Hérnandez et al. (2014), when analyzing the effect of chemical fertilization and two forms of organic compounds (manure of sheep + goats and mixing of waste from for olive oil industry + manure + pruning olive) in tomato production in a greenhouse, they found that the latter were those that produced few fruit by plants - on average 19 and 7.75, respectively, while the control (chemical fertilizer) produced 73.5 fruits per plant. In cucumber, the effect of organic fertilizer of poultry manure base (4 t ha-1) was superior to chemical treatment (NPK), producing more fruit, of better quality and size (Okoli and Nweke, 2015).

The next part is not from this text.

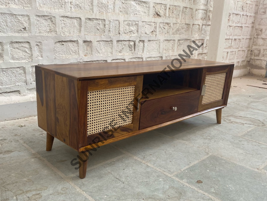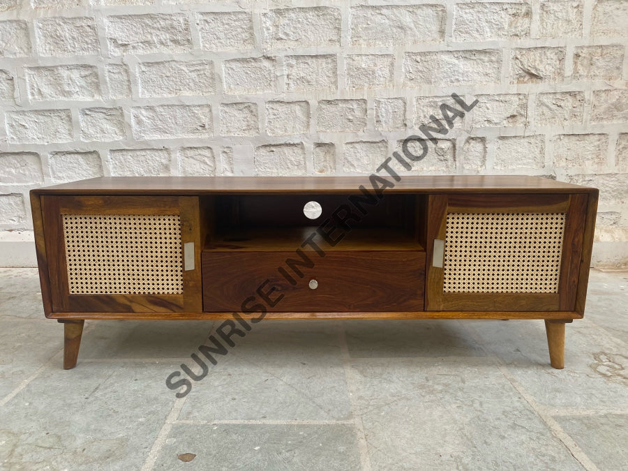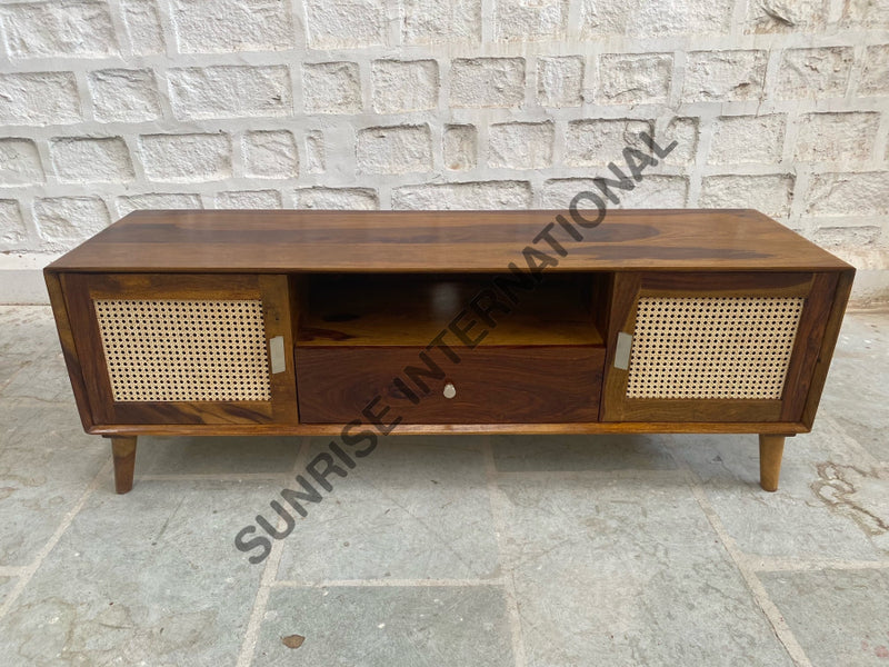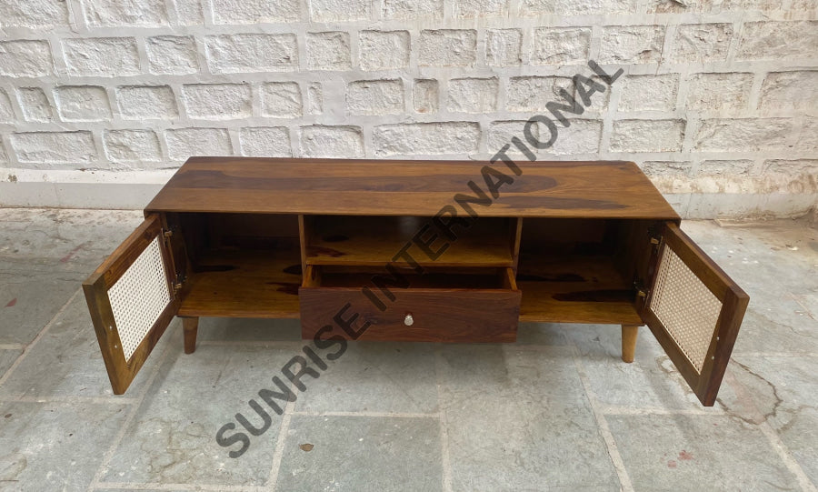 This mid century wooden TV cabinet features a unique rattan cane work detail, offering a timeless style that will be a statement in any living space. The cabinet is expertly crafted from solid sheesham wood, ensuring durability and strength. Add a touch of modern style to your home.
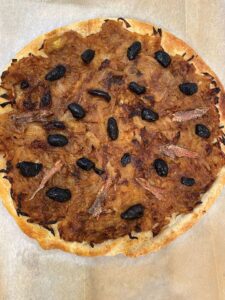 Spread the caramelized onions in a thin layer, leaving half-inch border all around. Arrange the anchovies and olives in a design. Brush the edges of the pastry with the egg wash. Bake for 10 to 15 minutes until the edges are puffed and golden.

With regard to productivity, due to the irregular fruiting, lasting several weeks, approximations were made, taking into account four months of production. The average yields were obtained from 1,041 kg ha-1 for the control, 1,831 kg ha-1 for chemical fertilizer and 2,370 kg ha-1 for organic. Em tomato plants, Muller et al. (2013) found lower productivity of commercial fruits with poultry litter (16.2 t ha-1), reaching 86.9 t ha-1 against 100.1 t ha-1 with chemical complementation (500: 600: 600 kg ha-1 t NPK), in the 2007/2008 harvest, suggesting that the low result of organic fertilizer was due to an imbalance of nutrients or lack of simultaneity between the mineralization of nutrients and plant needs. The same was observed by Hernandez et al. (2014), with tomatoes produced in the greenhouse, with the chemical fertilization overcoming organic in relation to production. Tomato, grown in poor soil (andosol) and imbalance between cations, showed no significant difference in the number of fruits per plant and productivity, for the treatments with chemicals, organic manure (poultry manure) or a combination of both (Tonfack et al., 2008). Araújo et al. (1999) had lower productivity of melon with organic fertilizer when compared to mineral. Since Rech et al. (2006) found that increased doses of organic fertilizer (poultry litter) were able to increase the number of fruit per plant zucchini, but not significantly differ from the mineral fertilizer.
When the gains are estimated with fertilization, through IRPAN, it was found that the organic source, regardless of the species resulted in increased 4.43 kg ha-1 of fruits while the chemical was only 2.63 kg ha-1. This demonstrates the potential of organic fertilizer, aviary manure for producing Physalis.
In this study, the increase in fruit production observed in plants that received organic fertilizer can be attributed to the availability of nutrients in a balanced way, without loss, either by leaching, fixation or volatilization, as in larger proportions in the mineral nutrient sources. According to Medeiros and Santos (2005), organic fertilizer provides a greater yield by providing sufficient quantities of nitrogen and potassium gradually, supplying, satisfactorily, the plant demand for these elements, which are essential for obtaining adequate production.